Irish Small & Medium Enterprises Association Isme has called for the Government to introduce a retail strategy group immediately, as part of an attempt to halt the fall in retail sales.

Chief executive Mark Fielding said the sector was in “meltdown”, with retail sales consistently falling since 2007.

Over the year, the car trade showed one of the largest increases, gaining 21.9 per cent as the Government's car scrappage scheme, which was extended for six months to the end of June, lifted sales.

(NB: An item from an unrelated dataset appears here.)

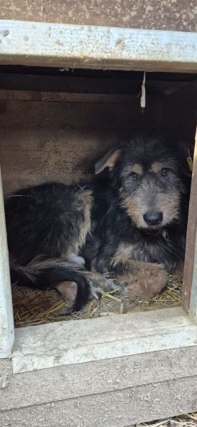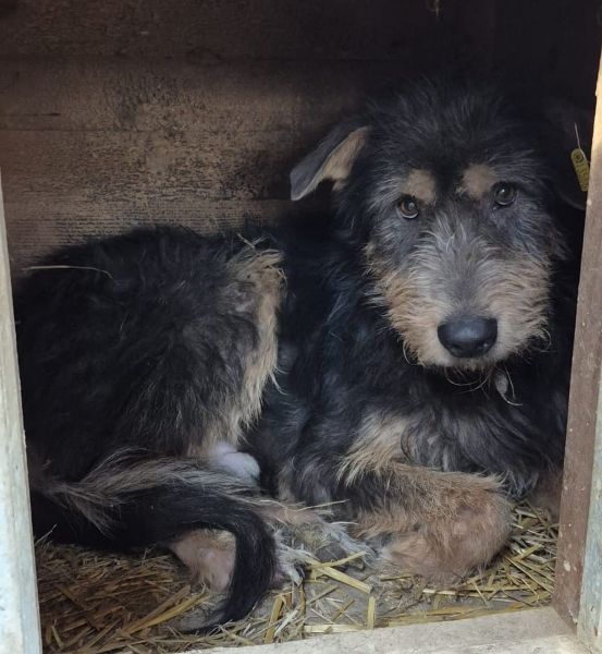 Diesen Rüden haben wir in seiner Hütte liegend vorgefunden. Als wir ihn dazu brachten diese zu verlassen, konnten wir erkennen dass er offensichtlich ein Problem oder Schmerzen an seinem rechten Hinterbein hat. Außerdem konnten wir beginnende Hautprobleme an seinen Ohren feststellen. Die kalte, nasse und schmutzige Umgebung begünstigt das leider sehr, weswegen es gut wäre wenn er zeitnah ausreisen könnte um eine Verschlechterung der Haut zu vermeiden. Anfassen lassen wollte er sich noch nicht, Leckerchen hat er noch nicht direkt aus der Hand aber gern vom Boden genommen.

Electrical goods increased by 5.2 per cent year on year, and furniture and lighting was up 2.6 per cent.

However, the volume of fuel sales fell by 12 per cent, hardware paints and glass declined by 10.4 per cent, and other retail sales were 8.1 per cent lower.

Value rose by 0.4 per cent year on year, and 0.7 per cent month on month.

Provisional estimates for the second quarter of the year indicate the volume of retail sales fell by 1.7 per cent compared to the same period in 2010. However, sales rose by 1.8 per cent compared to the preceding quarter.

Retail Excellence Ireland said the figures showed volatile sales levels continued while consumer confidence remained weak.

Analysts warned that consumer sentiment would likely remain weak in 2011. 

"Despite the temporary uplift and morale boost from the recent visits to Ireland by Queen Elizabeth II and US president Barack Obama, consumer sentiment fell back in June and should remain fairly weak over the rest of the year as households continue to grapple with high levels of personal indebtedness and the erosion of disposable incomes arising from fiscal consolidation measures, increasing interest rates and weak labour market conditions," said Bloxham chief economist Alan McQuaid.

"With not much scope for a significant drop in the savings rate, consumer spending is likely to maintain the downward trend of recent years with declining real disposable incomes being the main driver. All in all, personal spending on goods and services is expected to fall in real terms for the fourth year running in 2011."